Statistical analyses were carried out for each contrast order separately (i.e., deviant increment, and deviant decrement) to determine whether these apparent differences between the deviant and the standard were significant for each language group.

Table 2 summarizes the results of the four-way ANOVAs (stimulus (standard, deviant) × site (frontal, central) × hemisphere (left, midline right) × time (seven 40-ms intervals) for the two orders. Both groups of participants showed significantly greater negativity of the deviant compared to the standard beginning around 160 ms for both groups and orders and ending around 300 ms for the deviant increment condition for both groups and after 300 ms for the deviant decrement condition (see Table 2 for latency range).

Table 2.

Statistical results of the four-way ANOVAs in the Visual-Attend Task of Experiment 1 for the two orders ([tado]-as standard (Tado) and [taado]-as standard (Taado)). The last column displays the latency range showing significant differences between the standard and deviant intervals.

Group Effect F df p MMN range
Tado
JP Stimulus 16.10 1, 11 0.002
JP Stimulus × Time 14.12 5, 55 0.000 164–288 ms
AE Stimulus × Time 5.69 5, 55 0.000 164–288 ms
Taado
JP Stimulus 15.23 1, 11 0.002
JP Stimulus × Time 43.31 5, 55 0.000 164–200; 244–360 ms
AE Stimulus × Time 10.40 5, 55 0.001 164–320 ms

Four-way ANOVAs with language group as the between-subject factor and site (frontal, central), hemisphere (left, midline, right), and time (seven 40-ms intervals) as the within-subject factors were carried out using the subtraction waveforms (deviant minus standard). The deviant increment condition showed no main effect of group or interactions with group. Significant interactions of Hemisphere × Time [F (10, 220) =3.87, p = 0.0008] and Site × Hemisphere × Time [F (10, 220) =3.30, p = 0.008] were observed. The frontal midline site was more negative than the central midline site by about 0.5 μV, from 204 to 240 ms.

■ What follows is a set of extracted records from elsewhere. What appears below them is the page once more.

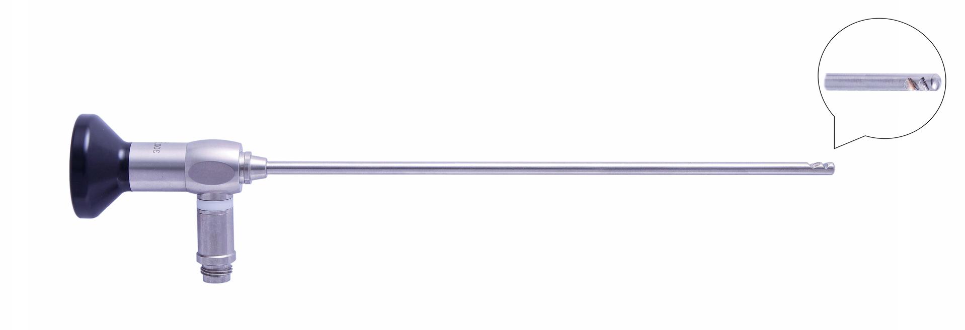Диаметр рабочей части 4 мм ± 0,1, длина рабочей части 175 мм ± 10, угол направления зрения 110 градусов, входной угол поля зрения не менее 80 градусов, угол наклона световодного разъема к оси оптической трубки 90 градусов. Сапфировое стекло на дистальном и проксимальном концах. Тип оптической схемы - стержнелинзовая. Корпус из нержавеющей стали. Цветовой код желтый. Автоклавируемая 134°С; 2,3 бар. Встроенный стекловолоконный световод. Количество циклов стерилизации автоклавированием гарантированное производителем не менее 1000. Совместимость со световодами стандартов Шторц, Р. Вольф, Акми. Full HD совместимый. Совместимость с головками видеокамер стандарта «C-mount» и «J-lock». Антирефлексное внутреннее покрытие. Термический компенсатор длины.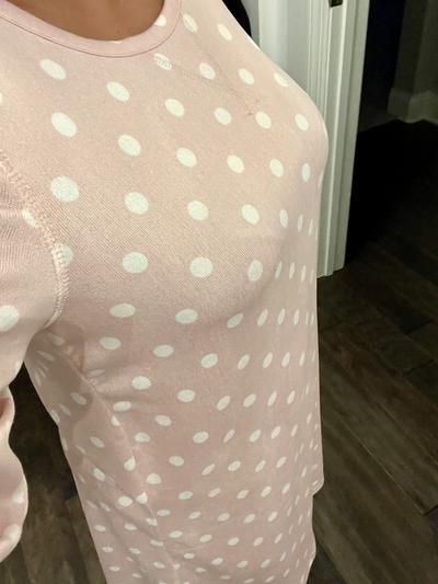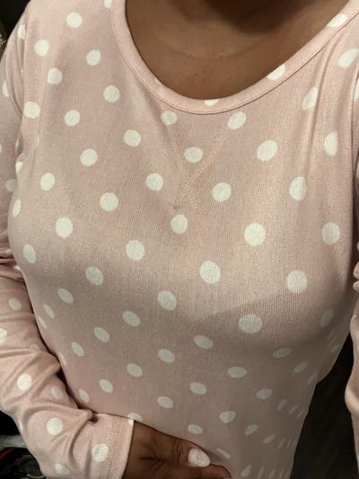 Soft fabric in a beautiful color(pink dots) will add warmth for the coming cooler evenings. Med fit my 5’7” frame. At 140 pounds. The stretch adds a level of e expected comfort. The fleece type material is soft and warm.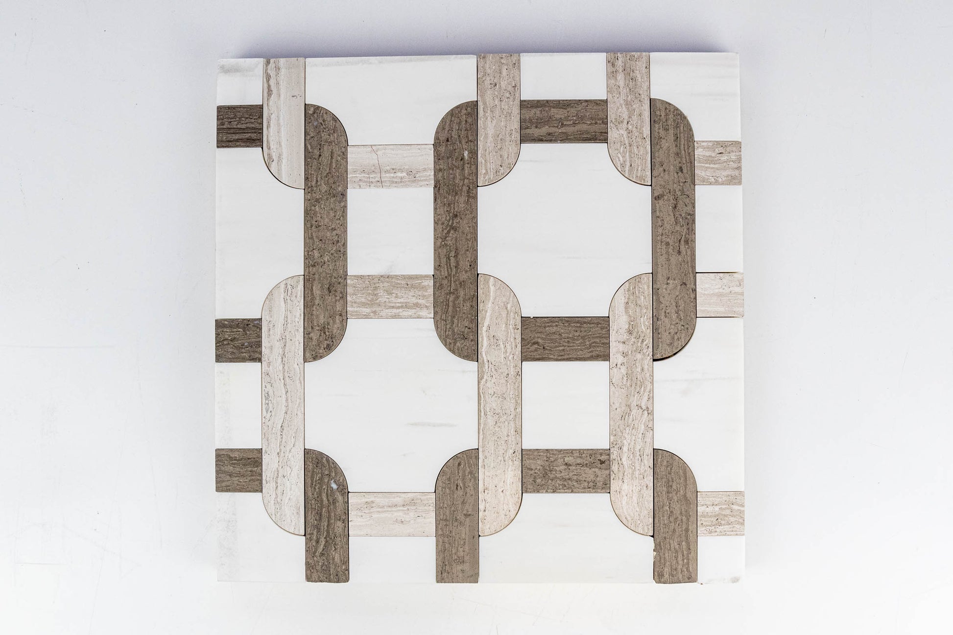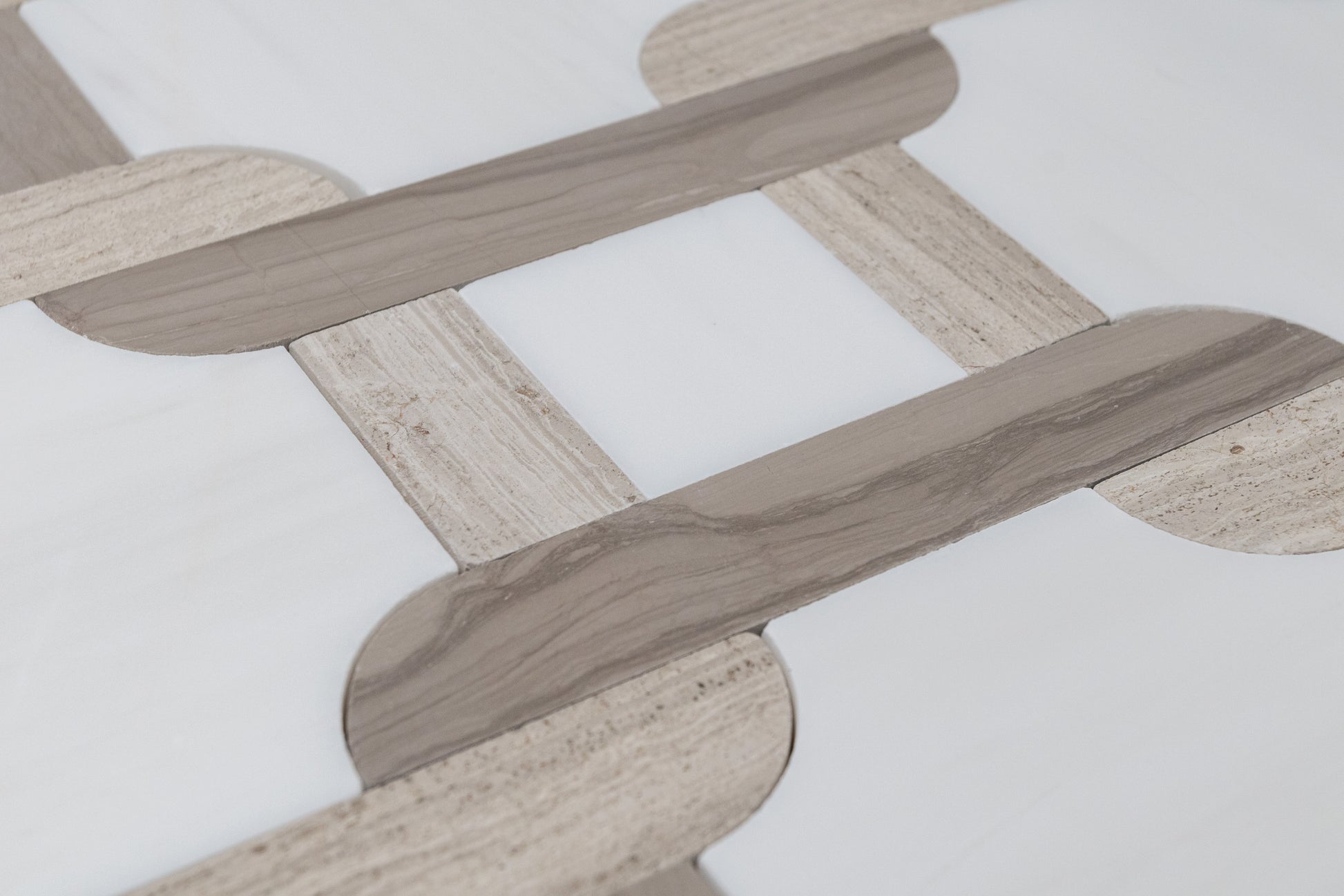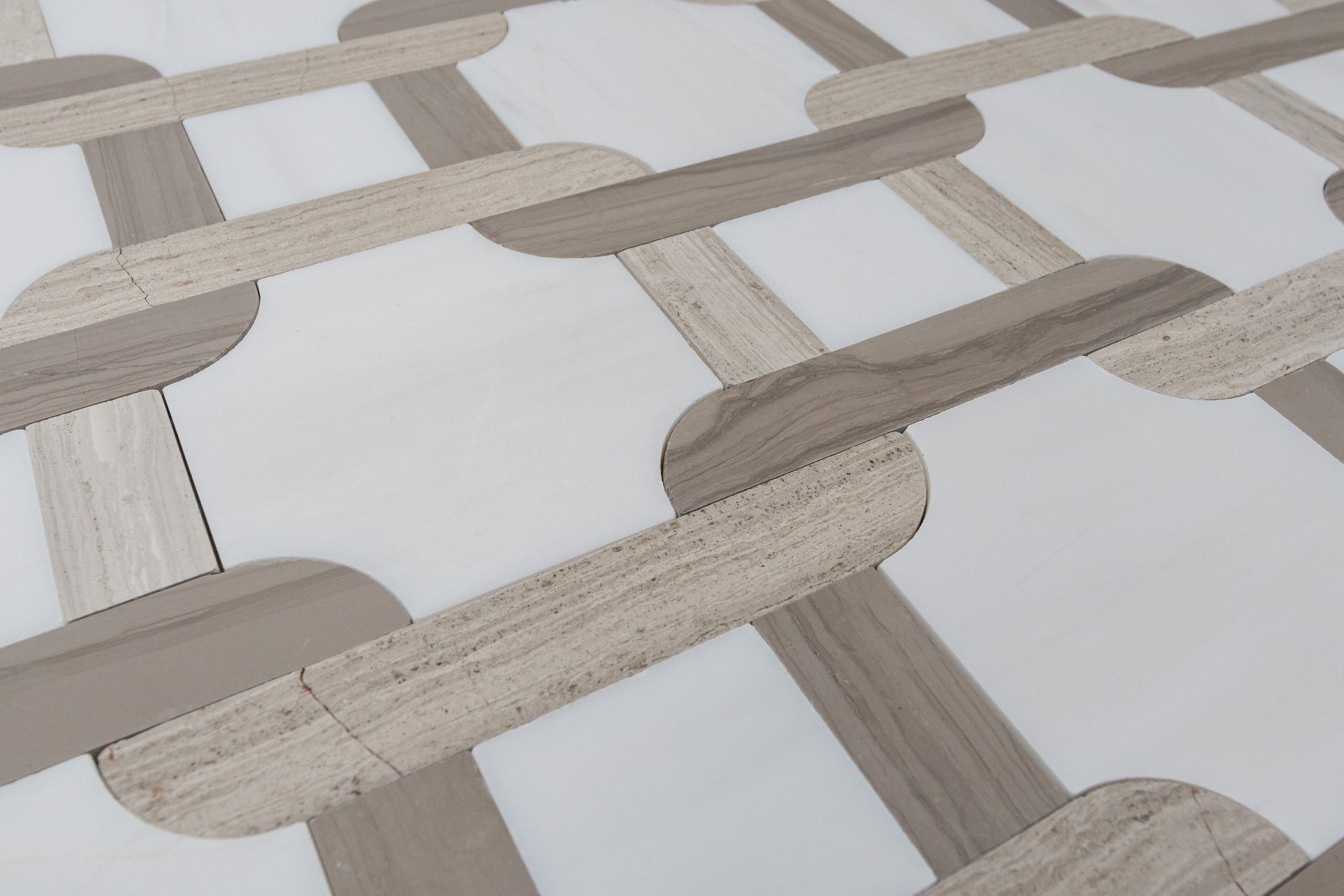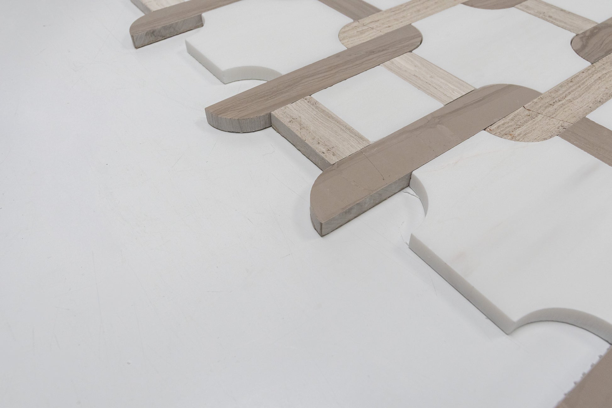 Deauville is unlike any other mosaic there is. Our inspiration came from a small commune in Northern France where their architecture is a combination of timber and natural stones. The Deauville Mosaic consists of Dolomite, White Creek Marble, and English Oak Marble; our interpretation of wood meets stone. This mosaic is perfect for pairing with to other porcelains as well with certain field porcelain tiles. *Please note* Natural stones are products of our Earth, therefore, variations in color, texture, and veining will occur. This is the beauty of a natural product and is not a defect.

An analysis at the mastoid sites (LM and RM) revealed a significant hemisphere by time by Language Group interaction [F (5,110) = 2.97, p = 0.015]. A follow-up of this interaction revealed that the difference is found at the right mastoid (Time × Language Group [F = (5, 110) = 3.84, p = 0.015]. The JP group showed a larger positivity than the AE group from 200 to 240 ms time intervals (M = 0.90 vs. 0.44 μV, SD = 0.88 vs. 0.98 μV, respectively), whereas the positivity was smaller for the JP than AE group from 280-320 ms (M = 0.02 vs. 0.71 μV, SD = 0.66 vs. 0.91 μV). However, posthoc pairwise comparisons between the groups for each time interval did not show significant differences.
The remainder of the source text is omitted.